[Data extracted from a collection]
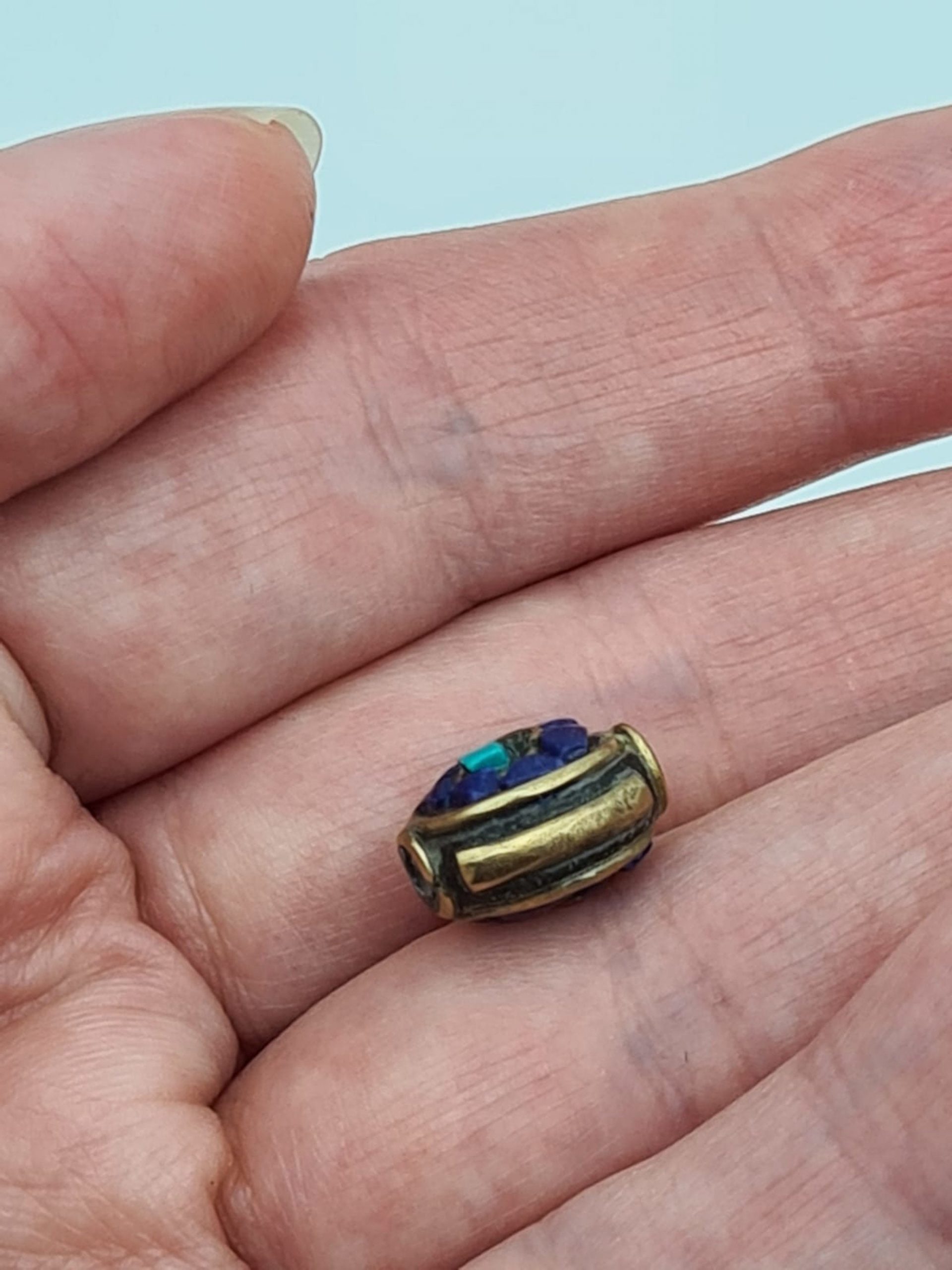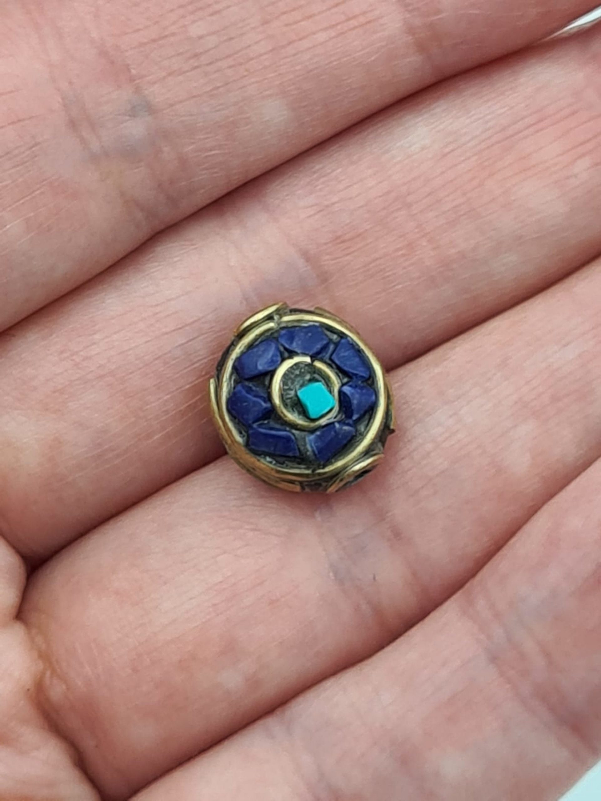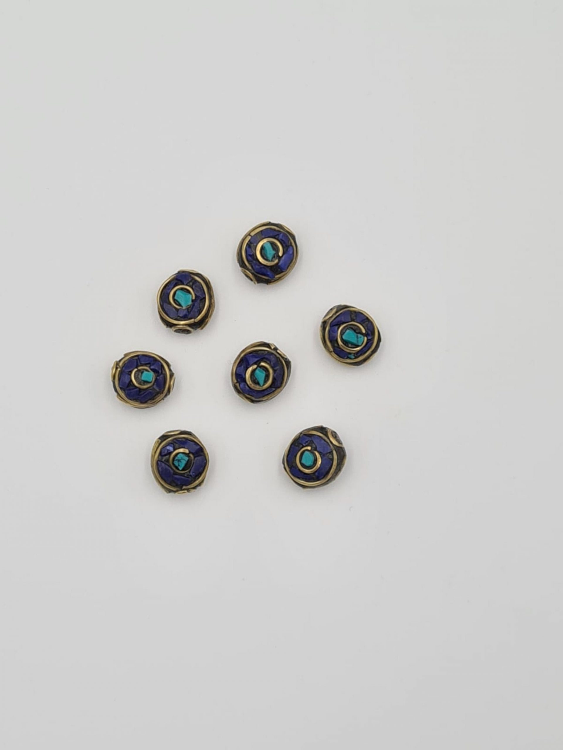 These are beautiful traditional Nepalese lapiz lazuli beads. They are made of lapiz lazul inlay and brass. All beads are handmade.
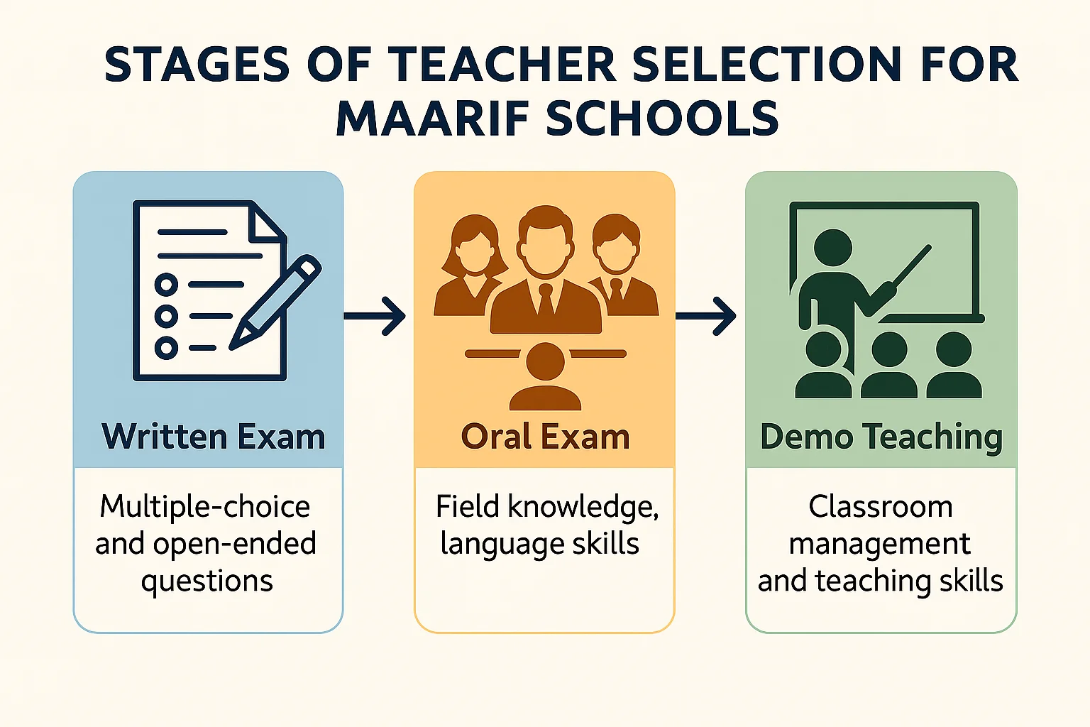 In order to be a teacher in Maarif Schools, people who have the qualifications in the advertisement given by the Turkish Maarif Foundation apply for the advertisement. Candidates who meet the application requirements are invited to take the written exam consisting of multiple choice and open-ended questions. Candidates who are successful in the exam; It is subjected to a three-stage oral exam in which the knowledge of the field, whether the managerial abilities are carried or not and whether the language skills are sufficient or not. Candidates who successfully pass the written and oral exams are employed as teachers or administrators in Maarif Schools.
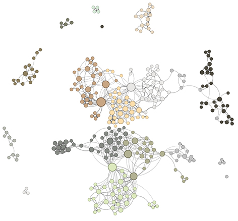 J o o n i s 3. Läänemaa laulikute võrgustik nende värsirepertuaari sarnasuse alusel. Laulikut esindav sõõr on seda suurem, mida rohkemate teiste laulikutega tema repertuaaris sarnaseid värsse on. Laulikute paigutus graafikul lähtub nende värsirepertuaari sarnasusest. Samasse kihelkonda kuuluvad laulikud on kuvatud sama varjundiga ning nad moodustavad võrdlemisi selgelt eristuvaid gruppe. Mõned mitmes kihelkonnas elanud laulikud on omandanud kahe kihelkonna värsirepertuaari. Graafiku äärealadel on väiksema lauluvaraga Hiiumaa kihelkondade laulikud ning mõni väiksema või eripärase repertuaariga laulik.
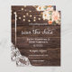 ** SATIN PAPER É PAPEL FINO. ATUALIZE O PAPEL PARA OBTER UM PAPEL MAIS ESPESADO. TEM UMA OPÇÃO PARA ENVELOPES. *** Economize dinheiro em convites formais com este convite menor que tem uma opção para envelopes. Prepare seus convidados para o maravilhoso casamento com seu convite de "Wood", "Lace", "String Lights", "Pink and Peach", com sua foto "Quer uma versão maior" do "card stock"? Veja a coleção Salvar Data para cartões. https://www.zazzle.com/collections/wood_lace_blush_pink_peach_floral_wedding-119768462665816739?rf=238937196885903396
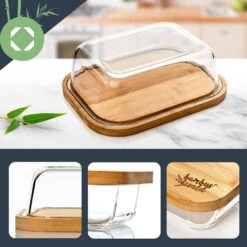 Glaswerk Hermatige Aufschnittbox Mit Glasdeckel 2er Set Borosilikatglas Bambus Schneidebret

(Work item): From the line that contains "J o o n i s" down to the last line of the entries above, copy every line exactly and leave out the pictures.

(Written answer):
 J o o n i s 3. Läänemaa laulikute võrgustik nende värsirepertuaari sarnasuse alusel. Laulikut esindav sõõr on seda suurem, mida rohkemate teiste laulikutega tema repertuaaris sarnaseid värsse on. Laulikute paigutus graafikul lähtub nende värsirepertuaari sarnasusest. Samasse kihelkonda kuuluvad laulikud on kuvatud sama varjundiga ning nad moodustavad võrdlemisi selgelt eristuvaid gruppe. Mõned mitmes kihelkonnas elanud laulikud on omandanud kahe kihelkonna värsirepertuaari. Graafiku äärealadel on väiksema lauluvaraga Hiiumaa kihelkondade laulikud ning mõni väiksema või eripärase repertuaariga laulik.
 ** SATIN PAPER É PAPEL FINO. ATUALIZE O PAPEL PARA OBTER UM PAPEL MAIS ESPESADO. TEM UMA OPÇÃO PARA ENVELOPES. *** Economize dinheiro em convites formais com este convite menor que tem uma opção para envelopes. Prepare seus convidados para o maravilhoso casamento com seu convite de "Wood", "Lace", "String Lights", "Pink and Peach", com sua foto "Quer uma versão maior" do "card stock"? Veja a coleção Salvar Data para cartões. https://www.zazzle.com/collections/wood_lace_blush_pink_peach_floral_wedding-119768462665816739?rf=238937196885903396
 Glaswerk Hermatige Aufschnittbox Mit Glasdeckel 2er Set Borosilikatglas Bambus Schneidebret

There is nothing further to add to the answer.